Rational Numbers, Exponents, Squares & Cubes
1. Rational Numbers
Properties (Summary)
| Property | Addition | Multiplication |
|---|---|---|
| Closure | Sum of rationals = rational | Product of rationals = rational |
| Commutative | a + b = b + a | a × b = b × a |
| Associative | (a+b)+c = a+(b+c) | (ab)c = a(bc) |
| Identity | 0 (a + 0 = a) | 1 (a × 1 = a) |
| Inverse | a + (—a) = 0 | a × (1/a) = 1 (a ≠ 0) |
| Distributive | — | a(b+c) = ab + ac |
Representing Rational Numbers on Number Line
Between any TWO rational numbers, there are INFINITELY MANY rational numbers.

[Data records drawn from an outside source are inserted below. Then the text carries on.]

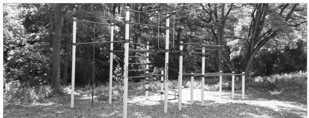
Nový workout pro cvičení v přírodě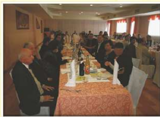
Občni zbor Društva absolventov, januar 2009.

dediščine, o pomembnosti okolju prijaznega kmetovanja, razvoju dopolnilnih dejavnosti na kmetijah, možnostih turistične ponudbe in trženja na kmetijah. Odprti smo za povezovanje s podobnimi in sorodnimi društvi na območju regije in Slovenije, saj naši člani, ki jih je okrog sto, prihajajo vsako leto na občni zbor iz vse Slovenije.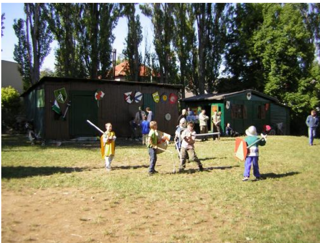
pohled na hřiště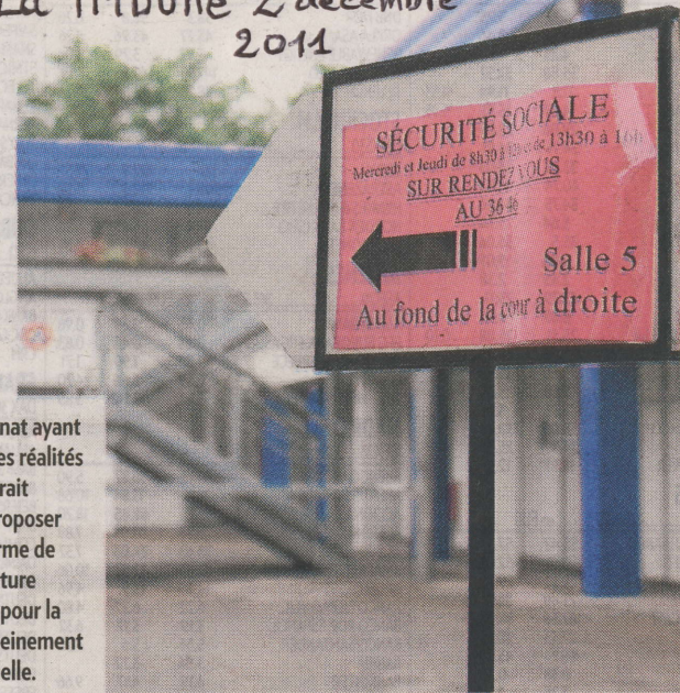
MARTA NASCIMENTO / IREA

La France a besoin d'organisations patronales dialoguant avec les syndicats et les pouvoirs publics, pour inventer l'échange social de l'avenir. Affronter loyalement le problème du coût du travail, ou tendre leur sésame au maître de la TVA, ces organisations ont un choix à faire!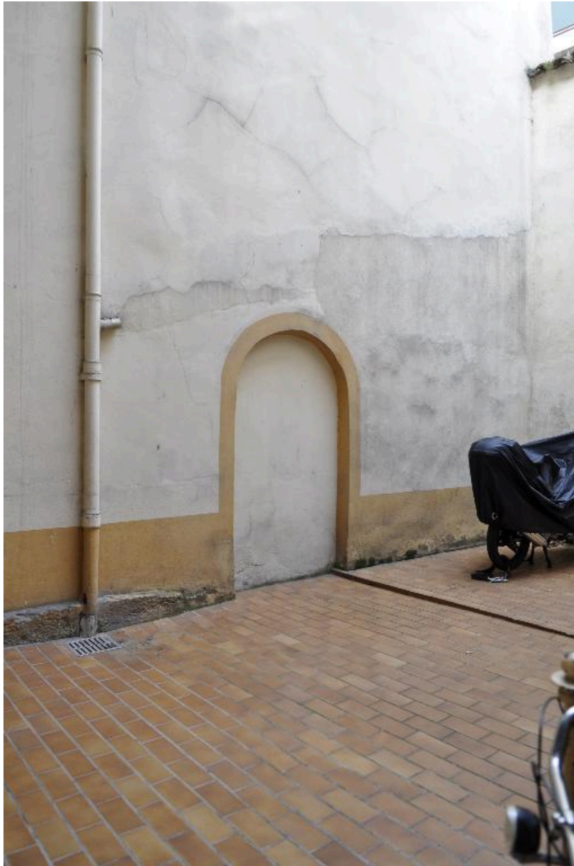
Cour : ancienne porte de communication avec le 50 rue d'Anvers

Finding Rational Numbers Between Two Rationals
Take the mean: (a + b)/2. Repeat.
2. Exponents and Powers
Laws (Extended to Negative Exponents)
| Law | Formula |
|---|---|
| Product | aᵐ × aⁿ = aᵐ⁺ⁿ |
| Quotient | aᵐ ÷ aⁿ = aᵐ⁻ⁿ |
| Power of power | (aᵐ)ⁿ = aᵐⁿ |
| Power of product | (ab)ᵐ = aᵐ bᵐ |
| Power of quotient | (a/b)ᵐ = aᵐ/bᵐ |
| Zero exponent | a⁰ = 1 (a≠0) |
| Negative exponent | a⁻ⁿ = 1/aⁿ |
Standard Form (Scientific Notation)
Writing very LARGE or very SMALL numbers compactly. A × 10ⁿ, where 1 ≤ A < 10.

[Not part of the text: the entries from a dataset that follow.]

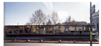
© Gmeiner Haferl Zivilingenieure ZT GmbH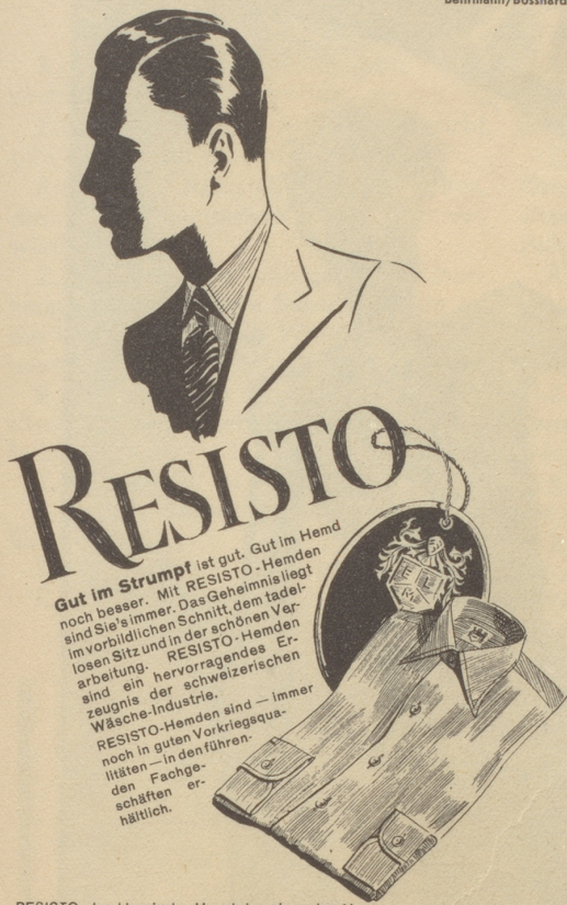
RESISTO das klassische Hemd des eleganten Herrn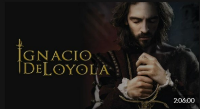
Ignacio de Loyola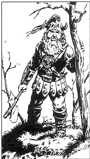
Von Larry Elmore aus "Dragons of Mystery"

Beschlagene Lederschutzkleidung und Schild; Schlachttaxt +1 (Zerstörungskraft 1-8); Wurfäxte (Zerstörungskraft 1-6).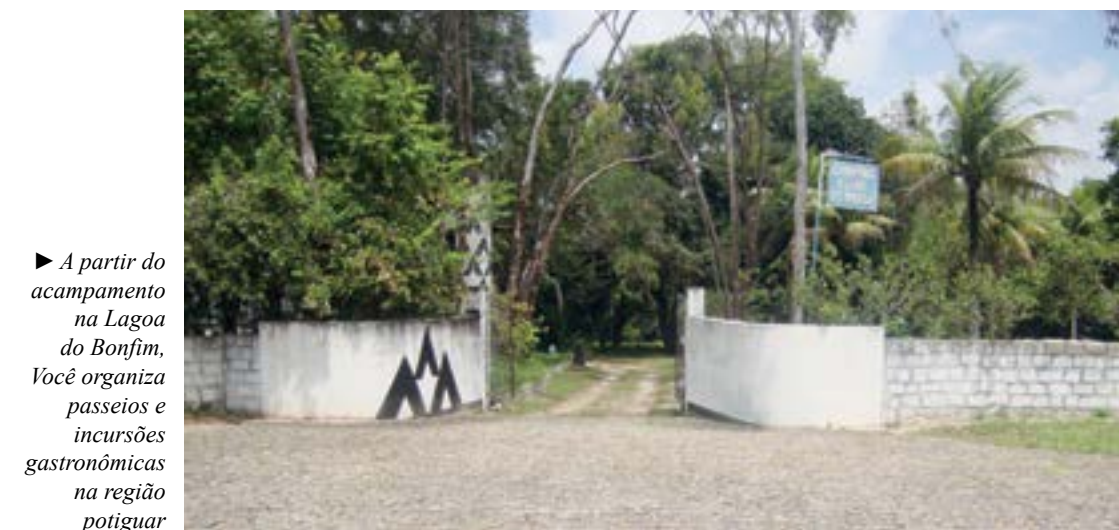
► A partir do acampamento na Lagoa do Bonfim, Você organiza passeios e incursões gastronômicas na região potiguar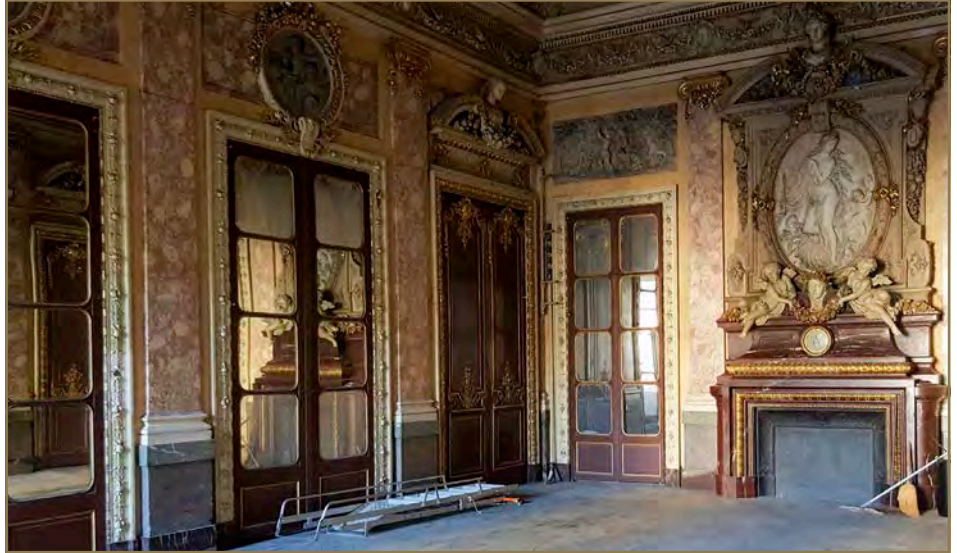
Salle Mounet Sully avant travaux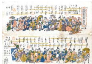
祇園神輿り物絵巻(天保6年版)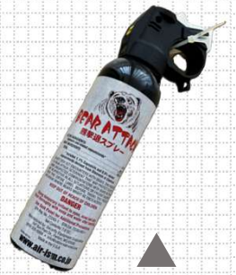
『熊撃退スプレー』 あまりにも高額で いちど購入を ためりました

春の山菜採りの中でも私が一番好きなのは、「ワラビ採り」です。生い茂った草の中からワラビを見つけた瞬間は、まるで宝探しのよう嬉しさがあり、夢中になる面白さがあります。今年も熊対策をしっかりと山へ出陣。今回は、お客さまから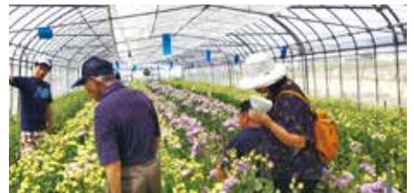
花卉部会 視察研修の様子 トルコキキョウの視察へ行きました!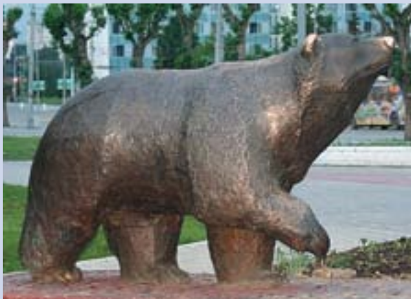
Скульптура «Легенда о пермском медведе»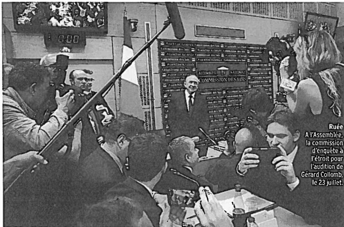
Ruée A l'Assemblée, la commission d'enquête à l'étroit pour l'audition de Gérard Collomb, le 23 juillet.

- 150,000,000 km (Earth-Sun distance) = 1.5 × 10⁸ km
- 0.000000001 m (diameter of atom) = 1.0 × 10⁻⁹ m
3. Squares and Square Roots
Properties of Square Numbers
- A number ending in 2, 3, 7, or 8 is NEVER a perfect square
- Square of an EVEN number = EVEN. Square of ODD = ODD.
Finding Square Roots
| Method | When to Use |
|---|---|
| Prime Factorisation | Pair the prime factors. Each pair gives one factor of the root. |
| Long Division Method | Large numbers. A step-by-step algorithm. |
Pythagorean Triplets
Three natural numbers (a, b, c) satisfying a² + b² = c². For any m > 1: (2m, m²—1, m²+1).
m=2 → (4, 3, 5). m=3 → (6, 8, 10).
4. Cubes and Cube Roots
Perfect Cubes
Numbers that are the cube of an integer: 1, 8, 27, 64, 125, 216...
Finding Cube Roots
- Prime Factorisation: Group into TRIPLETS of prime factors.
- Estimation: For numbers that are perfect cubes.
Properties
- Cube of negative = NEGATIVE. (—2)³ = —8.
- Cube of even = EVEN. Cube of odd = ODD.